= Beginning of Section =
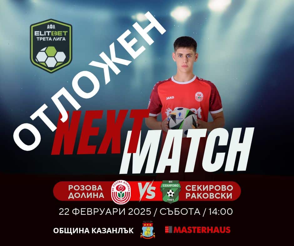 Гостуването на Секирово срещу Розова долина (Казанлък) е отменено. Мачът, който е част от програмата на 21-ия кръг в Югоизточната Трета лига, трябваше да се изиграе утре (22.02), но бе отложен за 5-и март.
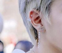 tattoos/piercings: 'no one like me" tattoo on inner right arm, tongue piercing. 8 ear piercings
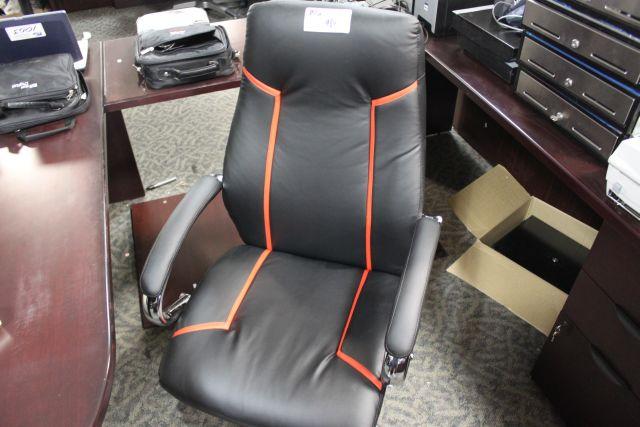 BLACK LEATHER W/RED TRIM HIGH BACK EXECUTIVE CHAIR
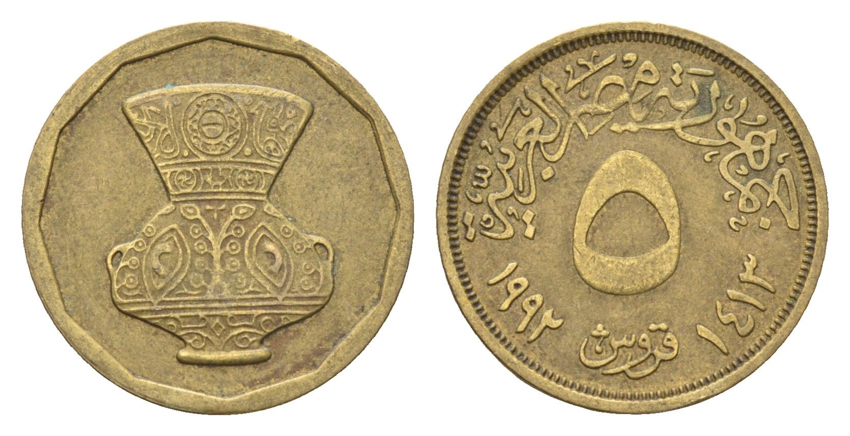 Египет 5 пиастров 1992 KM 731 латунь 4674-267
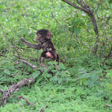 This day was all about seeing a mother cheetah with her three babies early in the morning, stumbling upon a pride of ten sleeping lions right beside the road, and seeing a baby hippo, as well as the big mommas and papas, at the end of the day. The adrenaline was running high, but the leopard still escaped us. We left Crocodile Bridge Camp at first light at 4:30 in the morning and by 8:30 am we had seen a herd of 20-30 elephants, three different kinds of antelope, two different groupings of dwarf mongoose, with the highlight being a beautiful mother cheetah crossing the road right in front of the car and then seeing her three bouncing little cubs coming behind her. They ran and climbed and put on a delightful show for us while the mother quietly disappeared into the bush. They quickly followed, but not before we were able to get great photos of the babies. Our goal for the day was to drive to the main road which bisects the park from north to south and then head south and west before heading back to the east to Skukuza Camp for the night. When we reached the main road and headed south, we literally stumbled upon a pride of lions. We saw a couple of cars stopped on our side of the road, so we pulled over to have a look. We were searching through the brush to see what we could see when we realized that lions were sleeping not even twelve feet away from us. If the other cars had not been stopped, we are not sure we would have seen them. They were just TOO obvious. There was a young male lion and a group of females in one body pile, three more in another body pile, and the dominant male sleeping a few yards away from the others. At first it looked like they were all dead. There was absolutely no movement. But then one would twitch, another would toss her head, and yet another would sit up for a second and then just absolutely and instantly collapse. It was so exciting to see these magnificent creatures up-close, but after a half an hour we saw that they were out for the count and we traveled on. After checking into our guest house for four at Skukuza Camp later in the day, we headed to a close-by hide looking out over Lake Panic. Here we saw hippos at a distance but one mother and baby very close to the hide. We also saw a mother egret trying to protect her baby from a monitor lizard (quite an interesting show) and many birds. At day’s end we returned to Skukuza and enjoyed the very nice accommodations in the guest house with Ed and Lynne.
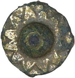 GREEK, gilt bronze clip on miniture Macedonian shield for either dress or military garb, with gilt radiating rays from central globular projection, (4th - 3rd century B.C.). With old patination very fine, rare.
= End of Section =
WORK TO BE COMPLETED ▸ Transcribe the data verbatim. No picture belongs in the result.

EXERCISE RESPONSE ▸
 Гостуването на Секирово срещу Розова долина (Казанлък) е отменено. Мачът, който е част от програмата на 21-ия кръг в Югоизточната Трета лига, трябваше да се изиграе утре (22.02), но бе отложен за 5-и март.
 tattoos/piercings: 'no one like me" tattoo on inner right arm, tongue piercing. 8 ear piercings
 BLACK LEATHER W/RED TRIM HIGH BACK EXECUTIVE CHAIR
 Египет 5 пиастров 1992 KM 731 латунь 4674-267
 This day was all about seeing a mother cheetah with her three babies early in the morning, stumbling upon a pride of ten sleeping lions right beside the road, and seeing a baby hippo, as well as the big mommas and papas, at the end of the day. The adrenaline was running high, but the leopard still escaped us. We left Crocodile Bridge Camp at first light at 4:30 in the morning and by 8:30 am we had seen a herd of 20-30 elephants, three different kinds of antelope, two different groupings of dwarf mongoose, with the highlight being a beautiful mother cheetah crossing the road right in front of the car and then seeing her three bouncing little cubs coming behind her. They ran and climbed and put on a delightful show for us while the mother quietly disappeared into the bush. They quickly followed, but not before we were able to get great photos of the babies. Our goal for the day was to drive to the main road which bisects the park from north to south and then head south and west before heading back to the east to Skukuza Camp for the night. When we reached the main road and headed south, we literally stumbled upon a pride of lions. We saw a couple of cars stopped on our side of the road, so we pulled over to have a look. We were searching through the brush to see what we could see when we realized that lions were sleeping not even twelve feet away from us. If the other cars had not been stopped, we are not sure we would have seen them. They were just TOO obvious. There was a young male lion and a group of females in one body pile, three more in another body pile, and the dominant male sleeping a few yards away from the others. At first it looked like they were all dead. There was absolutely no movement. But then one would twitch, another would toss her head, and yet another would sit up for a second and then just absolutely and instantly collapse. It was so exciting to see these magnificent creatures up-close, but after a half an hour we saw that they were out for the count and we traveled on. After checking into our guest house for four at Skukuza Camp later in the day, we headed to a close-by hide looking out over Lake Panic. Here we saw hippos at a distance but one mother and baby very close to the hide. We also saw a mother egret trying to protect her baby from a monitor lizard (quite an interesting show) and many birds. At day’s end we returned to Skukuza and enjoyed the very nice accommodations in the guest house with Ed and Lynne.
 GREEK, gilt bronze clip on miniture Macedonian shield for either dress or military garb, with gilt radiating rays from central globular projection, (4th - 3rd century B.C.). With old patination very fine, rare.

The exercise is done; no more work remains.